Wednesday, September 02, 2020

Superarket Panic part 13

 Had a lot of other things to deal with of late, and realized it had been well over a month since I wrote about anything new (art) I was doing.  Also had some email exchanges with Nichole in Ocean Grove, who I hadn't seen in a while, due to storms, power outages, jigsaw puzzles, heat waves, and work related trainings. Not much has been going on up at the Studio lately, so there wasn't much to report. I stopped by the other day to leave a rent check, found that the windows had been replaced, and the new door knob may be coming soon.  The building is still closed to the public, which keeps things quiet.

But it seemed a good day to work on some art.  I do have a block in progress, my latest supermarket piece, so I had something to work on. Grabbed the block, a bag of tools, and hit the road. Weather today was not as hot as some days we have had, but the humidity has come back.  Several cars in the lot, so I figured the alarm was off and it was safe to go inside.  I had heard Nichole's voice coming from the 1st floor. so went that way first.  She was there, with another person, who I assumed was a potential tenant.  She said they were heading for the basement (via the central stairway), so I told her I'd see her down there and took my usual route. When I saw her and this other person down there, Nichole was showing her the open studio where the tintype place had been.  I had met the artist a few times back in the spring as she was working hard to set the place up, building things, etc.  Then she wasn't around, like so much else this summer. Reminded me of one of the 1st floor tenants from years ago, a quilt studio that had been created in classroom #1.   A row of new sewing machines, shelves with bolts of fabric, work tables, etc.  I was in the building on the day of the grand opening, so stopped by to see the place. Unfortunately, I never saw it open again.  Later Herb said she got sick and never came back, and later he took possession of her inventory and was trying to sell it and get some money back.  What with covid 19 shutting down all visitors to the building, I don't know if the tintype place even had a grand opening. (she had a main location in Asbury, so I guess if anything was happening, it was there) Nichole was showing the empty room to the visitor, so I guess the tintype person had moved on.  The visitor had remarked about the dampness in the basement, an ongoing problem down there in the summer.  Nicole mentioned a plan to get more dehumidifiers going soon, but with no activities going on this summer, I guess it hadn't been a priority.

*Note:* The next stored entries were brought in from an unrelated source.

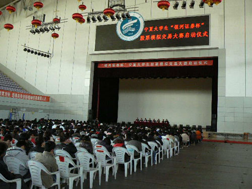 【澳门十大信誉网赌大全新闻中心讯 经济管理学院】11月24日,经自治区教育厅大中专毕业生就业指导服务中心批准,由澳门十大信誉网赌大全经济管理学院承办、中国银河证券股份有限公司银川新华西街营业部协办的澳门十大信誉网赌大全生“银河证券杯”股票模拟交易大赛启动仪式在大学生活动中心隆重举行。自治区教育厅学生处处长杨文刚、大中专毕业生就业指导服务中心常有志,信誉网赌学生处处长王宏伟、经济管理学院院长何风隽、党总支副书记李文华及银河证券股份有限公司银川新华西街营业部总经理陈世宁、副总经理李牧出席启动仪式。
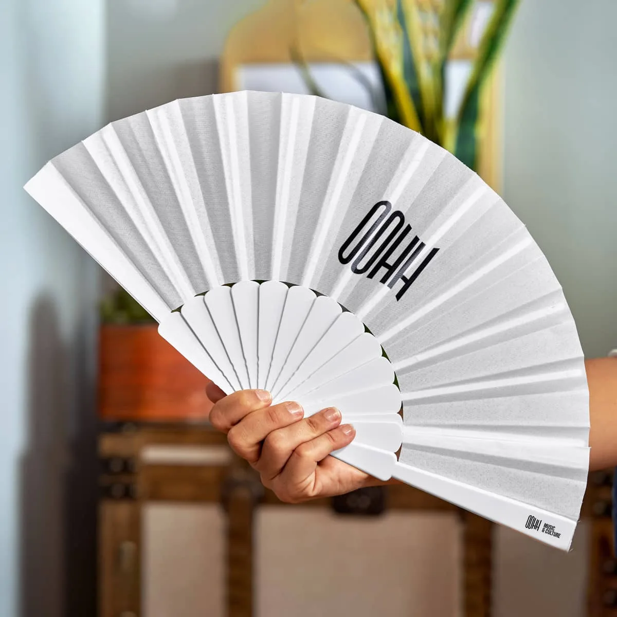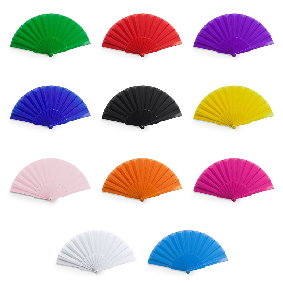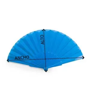 Abanico con varillas de plástico y tela en poliéster. Presentación en caja blanca.
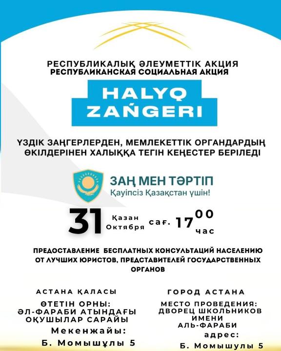 Официальный сайт акимата Астаны сообщает о проведении социальной акции «Народный юрист» 31 октября в столичном Дворце школьников имени аль-Фараби.
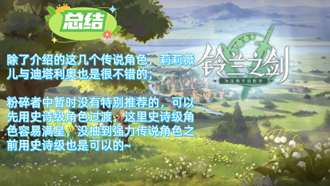 6, 总结:除了介绍的这几个传说角色,莉莉薇儿与迪塔利奥也是很不错的; 粉碎者中暂时没有特别推荐的,可以先用史诗级角色过渡,这里史诗级角色容易满星,没抽到强力传说角色之前用史诗级也是可以的~
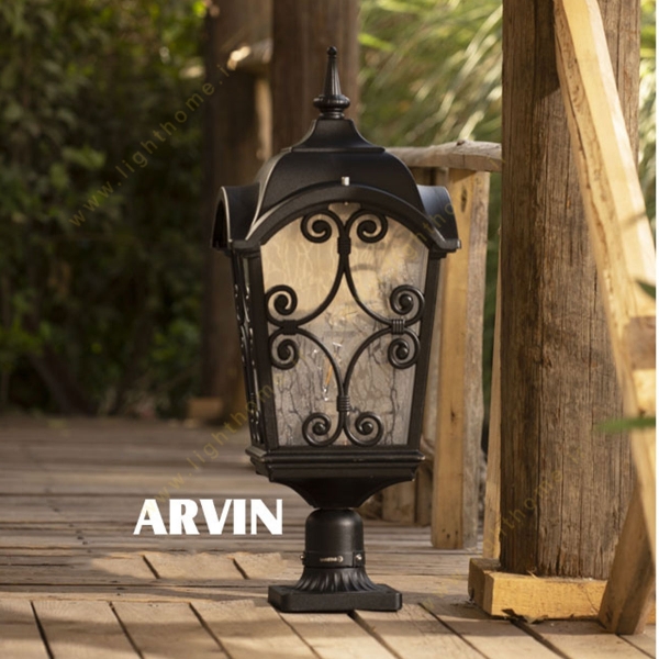 چراغ سرلوله حیاطی شفق مدل کیوان 6074 جنس بدنه آلومینیوم دایکاست رنگ پودری الکترواستاتیک رنگ بدنه مشکی، سفید و مسی ایستاده سرپیچ E27 درجه حفاظت IP44

In my own space, I settled down to work. Molly had left both fans running at full blast, and had for days, so I shut down her box fan and turned my pedestal fan in my direction.  For music I brought something I had heard on the radio the other day, an album from Chuck Prophet from several years ago. No Other Love was one of his bigger hits, which means I am probably one of the few people with a copy.  No regrets on my part, I like the 2002 album. Hard to classify (the internet calls it alt-country, which is as close as anyone would come), but a lot of good songs. A lot of it is acoustic/low-fi, which works better in the summer, as the constantly running heat in the winter would drown it out.  When that ended I switched to Repercussion from the dB's, but I wrote about that earlier this year.  


According to the blog I hadn't worked on this since mid July, so it's about time I got it done.  Today I cut more of the floor, the deep background, parts of the shelves, and much of the "one way" wall at the far left.  Unfortunately, the bag of tools I grabbed today just had my class tools in it, not my better personal tools, so I decided to leave some of the detailed areas until I have better tools to carve it with.   But most of the cutting is done.  Time to start thinking about the next piece.